== Supplied information ==
+===+
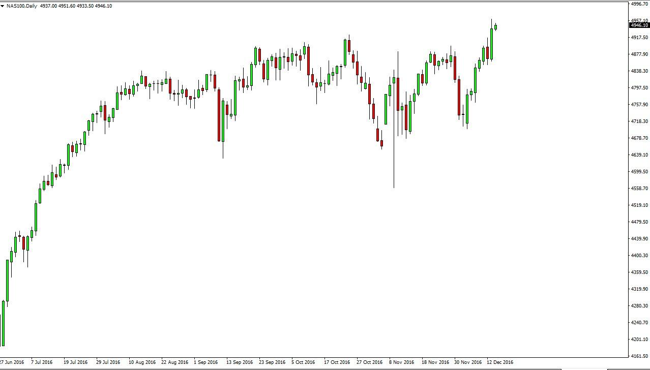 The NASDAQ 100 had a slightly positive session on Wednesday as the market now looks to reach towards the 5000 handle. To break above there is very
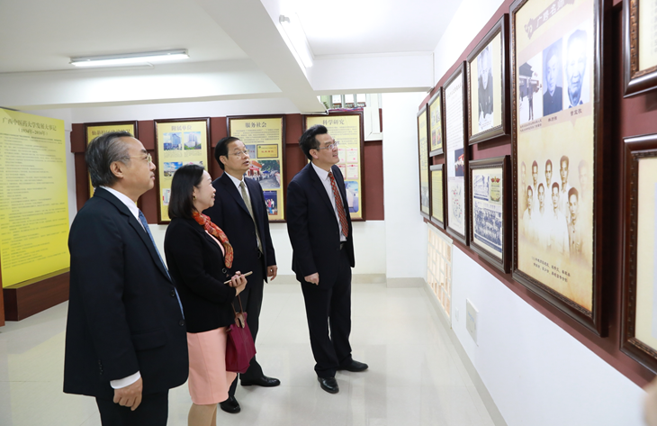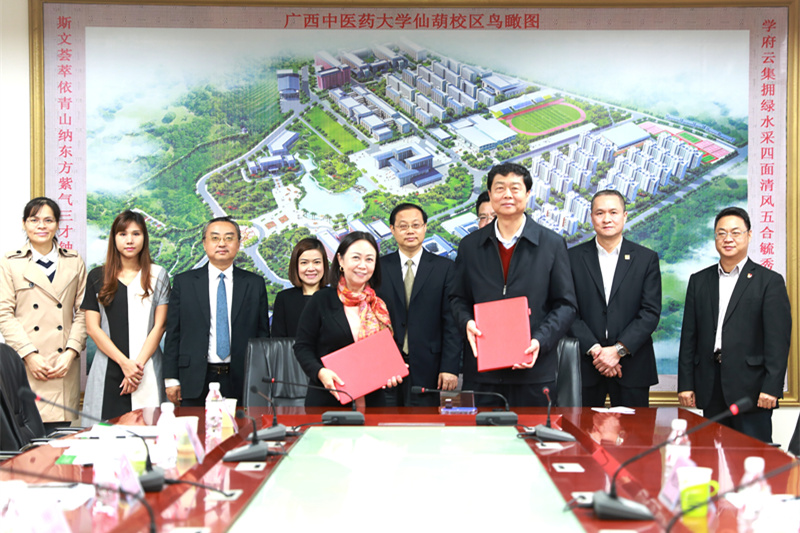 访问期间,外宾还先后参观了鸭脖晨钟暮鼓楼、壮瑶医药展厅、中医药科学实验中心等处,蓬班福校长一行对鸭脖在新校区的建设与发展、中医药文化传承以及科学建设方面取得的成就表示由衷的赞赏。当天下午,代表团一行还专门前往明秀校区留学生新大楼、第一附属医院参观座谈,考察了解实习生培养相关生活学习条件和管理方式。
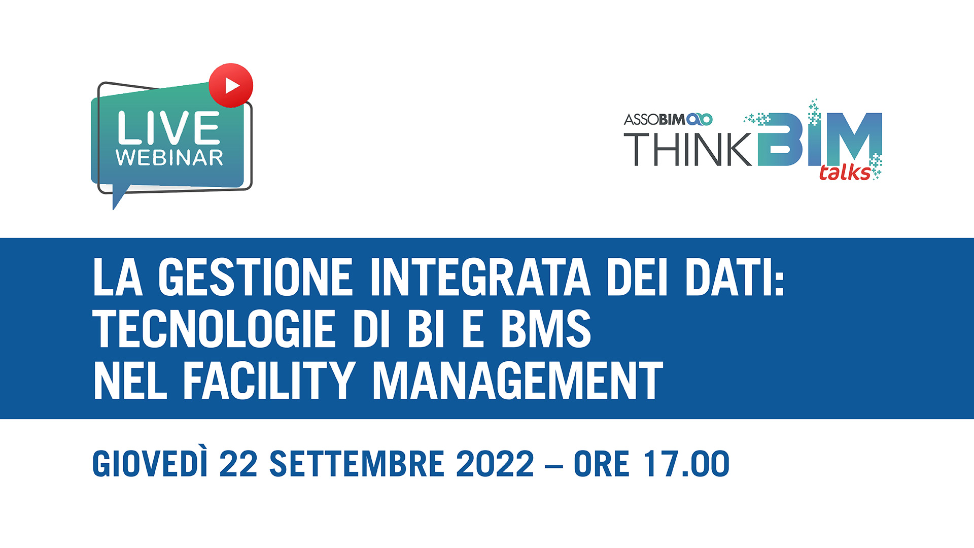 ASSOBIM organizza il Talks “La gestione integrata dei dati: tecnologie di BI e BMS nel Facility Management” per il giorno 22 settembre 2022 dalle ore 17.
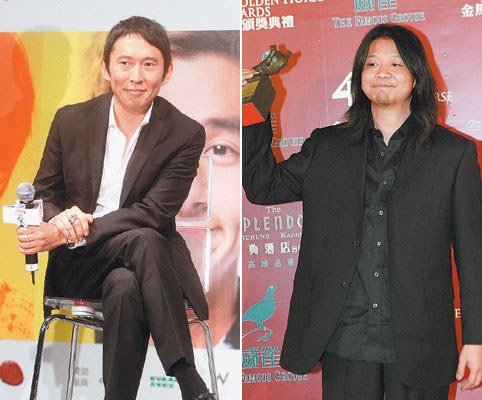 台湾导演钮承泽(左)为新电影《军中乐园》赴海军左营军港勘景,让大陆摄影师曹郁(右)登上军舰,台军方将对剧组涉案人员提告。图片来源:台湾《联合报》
+===+
== Task instructions ==
Set the listing down again exactly, skipping each picture.

== Reply ==
 The NASDAQ 100 had a slightly positive session on Wednesday as the market now looks to reach towards the 5000 handle. To break above there is very
 访问期间,外宾还先后参观了鸭脖晨钟暮鼓楼、壮瑶医药展厅、中医药科学实验中心等处,蓬班福校长一行对鸭脖在新校区的建设与发展、中医药文化传承以及科学建设方面取得的成就表示由衷的赞赏。当天下午,代表团一行还专门前往明秀校区留学生新大楼、第一附属医院参观座谈,考察了解实习生培养相关生活学习条件和管理方式。
 ASSOBIM organizza il Talks “La gestione integrata dei dati: tecnologie di BI e BMS nel Facility Management” per il giorno 22 settembre 2022 dalle ore 17.
 台湾导演钮承泽(左)为新电影《军中乐园》赴海军左营军港勘景,让大陆摄影师曹郁(右)登上军舰,台军方将对剧组涉案人员提告。图片来源:台湾《联合报》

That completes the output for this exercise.